There are two way to customise the expansion: (a) with custom embeddings, or (b) in other ways. (a) is supported by the "plugin" system: You can write a class that conforms to the interfaces defined in the respective sub-packages of `spex` (`spex.radial`, `spex.angular`, `spex.species`), and then just pass, for example, `radial={"mypackage.MyClass": {"my_arg" .."}}` to the `SphericalExpansion`. (Note that `mypackage` can also be a `mypackage.py` in the same folder as your current script.) All other customisations, (b), are *not* supported intrinsically by `spex` and you are expected to copy `spherical_expansion.py` and hack away. Do not hesitate to ask if you have trouble with any particular plan, we're happy to help.

### What about SOAP?

`spex` only computes a spherical expansion and not any downstream descriptors.

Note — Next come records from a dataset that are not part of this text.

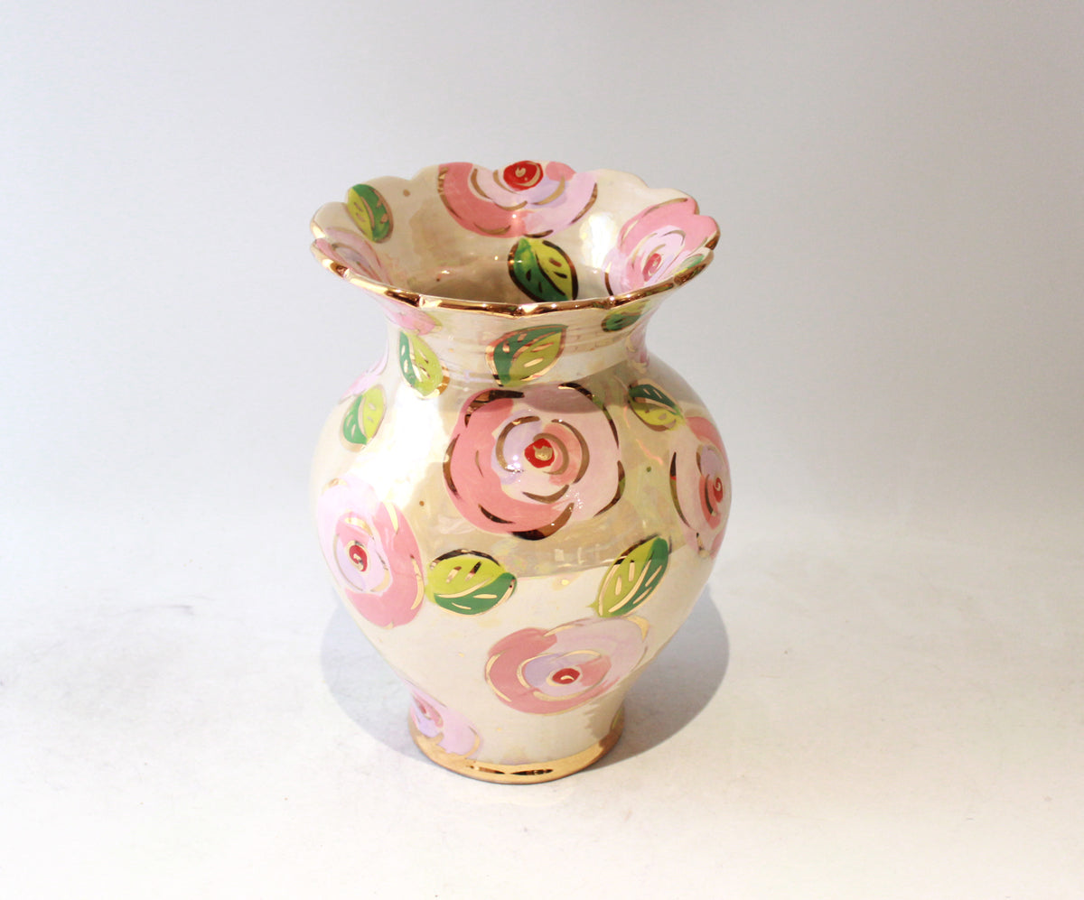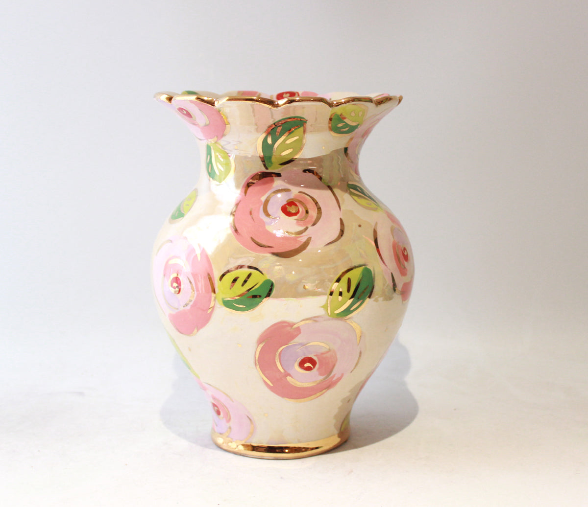 A Large Fat Vase made by Mary Rose stands around 12 inches in height and will make the most wonderful display piece...this one is painted in "Gold New Rose Pink" on an iridescent Mother of Pearl background with accents of 24 carat gold throughout and adorning its "Fluted" rim!
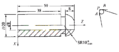 調用刀具半徑補償指令,特別注意以A、B點對刀后要找出正確的刀尖圓心位置。在刀補建立時,要使刀尖圓弧圓心沿工件待加工輪廓表面(編程軌跡)運動,而車刀不是回轉類刀具,傳統(tǒng)的車削加工基本不涉及刀尖圓心的問題,故須對車削數(shù)控系統(tǒng)的刀具半徑補償有本質的認識。
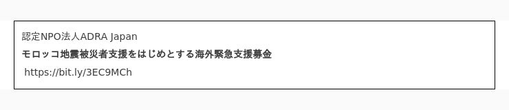 今回、モロッコ史上最悪の甚大な被害が起きてしまったことに衝撃を受けながらも、アドラは地元の方たちと共に、被災された方々に寄り添い、必要とされる支援を届けるため、モロッコ地震被災者支援をはじめとする海外緊急支援の募金特設サイトを開設しました。
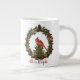 Beautiful All Is Bright Red Cardinal Christmas Wreath Giant Coffee Mug. For the most precious people whom need hope and comfort as red cardinals are spiritual messenger from God. With watercolor red cardinal and green Christmas wreath with ornaments.
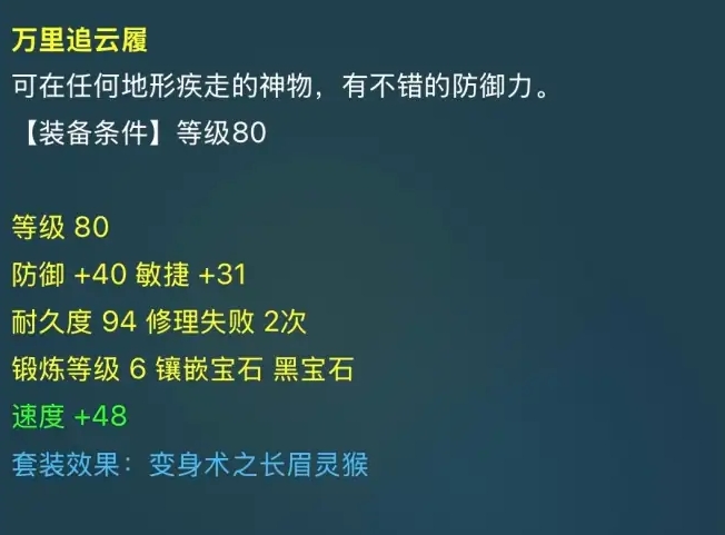 腰带换8段黑宝石,鞋子8段黑宝石,衣服敏魔双加,他这个武器太垃圾,1魔=2.8伤害,还不如买高伤单敏武器,前排灵饰用5段速度法伤的,后排配饰可以用140级28速度以上单气血的,一套四级健步(预算不足用4级五行),法宝带凌波仙符或者双风袋,这一套下来每天打下速度符基本都在600速度以上。
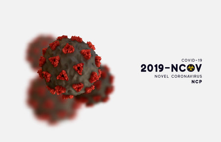 Novel Coronavirus (2019-nCoV). Virus Covid 19-NCP. Coronavirus nCoV denoted is single-stranded RNA virus. Background with realistic 3d black and red viruses cells. SARS-CoV2. vector illustration.
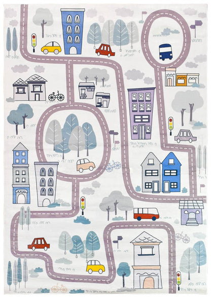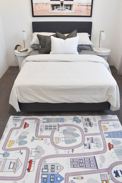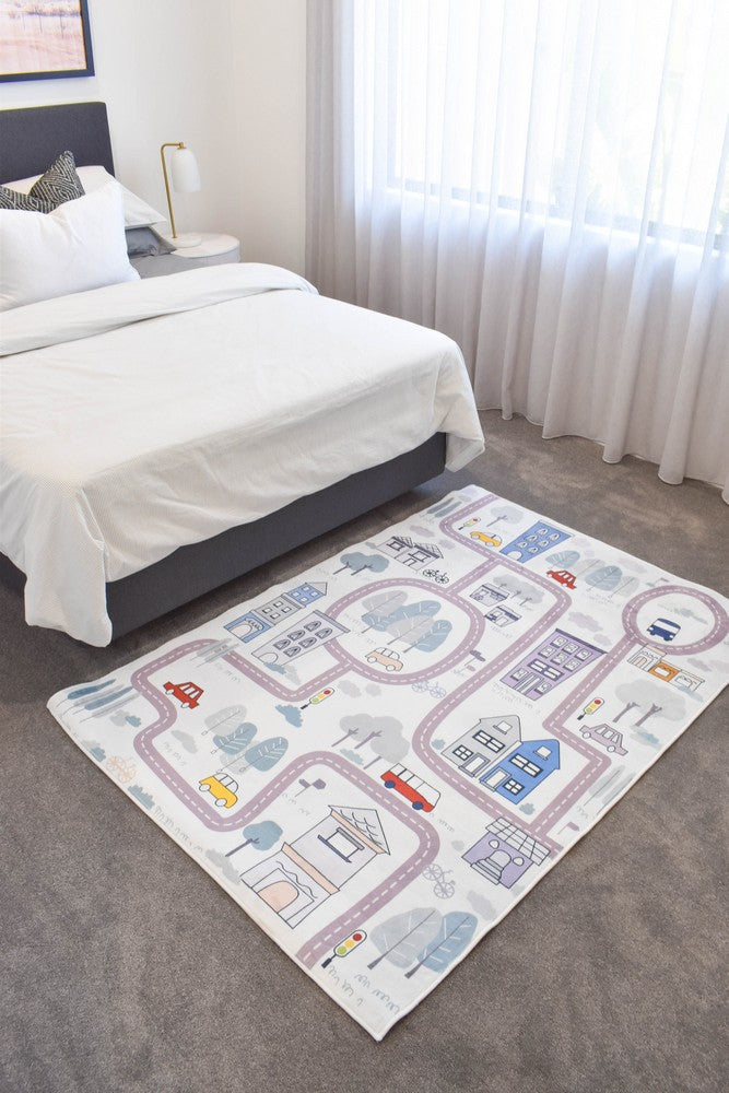Road Map Cream Kids Mat Machine Washable Kids Mat

The well-known SOAP descriptor can be obtained, for example, via:

```python
expansion = exp(R_ij, i, j, species)  # -> [[i, m, n, c], ...]
soap = [torch.einsum("imnc,imNC->inNcC", e, e) for e in expansion]  # -> [[i, n1, n2, c1, c2], [...], ...]
```

Note that this may produce very large features. You may want to consider other, "contracted", approaches where inner instead of outer products are performed. How to do this is beyond the scope of this readme. :)

## Development

`spex` uses `ruff` for formatting. Please use the [pre-commit hook](https://pre-commit.com) to make sure that any contributions are formatted correctly, or run `ruff format . && ruff check --fix .`.

We generally adhere to the [Google style guidelines](https://google.github.io/styleguide/pyguide.html). Note in particular how docstrings are formatted, and the docstrings are only encouraged for public-facing API, unless required to explain something. All docstrings and particularly comments are expected to be kept to a minimum and to be concise. Make sure you edit your LLM output accordingly.

Please review the development readme in `spex/README.md` for further information.